Sundance Institute

Source: Sundance Institute

Sundance Institute

Sundance Institude has unveiled the 10 early-career filmmakers who will receive year-round support through the 2024 Latine Fellowship and Collab Scholarship.

Now in its third year, the Latine Fellowship will offer five year-round fellowships offering a $10,000 unrestricted grant, artist development support, creative and tactical support on projects, and regular opportunities for community engagement and networking.

The fellows are:

Karla Claudio, a producer from Puerto Rico, with Matininó, about a multi-generational family of Puerto Rican women transform their experience with gender violence into a fantasy film where they search for an island inhabited exclusively by women warriors.

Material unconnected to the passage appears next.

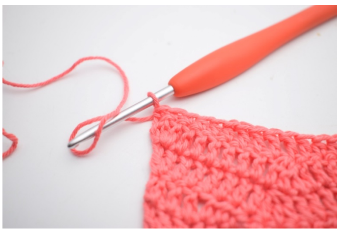
7. but end with 1 sc in each of the last 3 sts.

Alan Dominguez, a Chicanx director-producer with The House Of Our Memory, in which a Vietnam veteran nearing his 80th birthday reflects on life and faces the trauma that has afflicted himself and his son.

Andrés Lira, Mexican-American filmmaker and artist of Indigenous Purépecha descent, with Entre Sombras, about a farmworker who is forced to bring his two chidlren to work when he cannot get a babysitter.

Diana Peralta, a Dominican-American writer-director, with No Love Lost, in which a troubled young woman brings her new husband home to meet the family and her insular sisters show the extremes they will go to protect one another.

Michelle Salcedo with Cinnamon Skin, about a socialite who returns to Cuba to visit the adult child she behind as a baby when she was forced to move to the United States to save her father’s life.

The five artists selected for the 2024 Sundance Institute Latine Collab Scholarship are:

Venezuelan-born, New Orleans–raised Ricardo Betancourt with Repartidores: Repartidores, a feature about Venezuelan migrants in the US transforming the food delivery industry.

Argentine director, writer, and producer Ana Bovino with The Nights, in which three woman narrate their stories inspired by One Thousand And One Nights.

Mexican American filmmaker Sabrina Ehlert with Connie & Lola, in which a proudly assimilated immigrant and her daughter who wants to fit into her own culture take a trip south of the border.

Joie Estrella Horwitz, a filmmaker from Southwest borderlands, with Dreamland, about a love story that blooms during the night shift in a slaughterhouse.

Cuban-American Eddie Mujica with Loco, a dark comedy about mental health.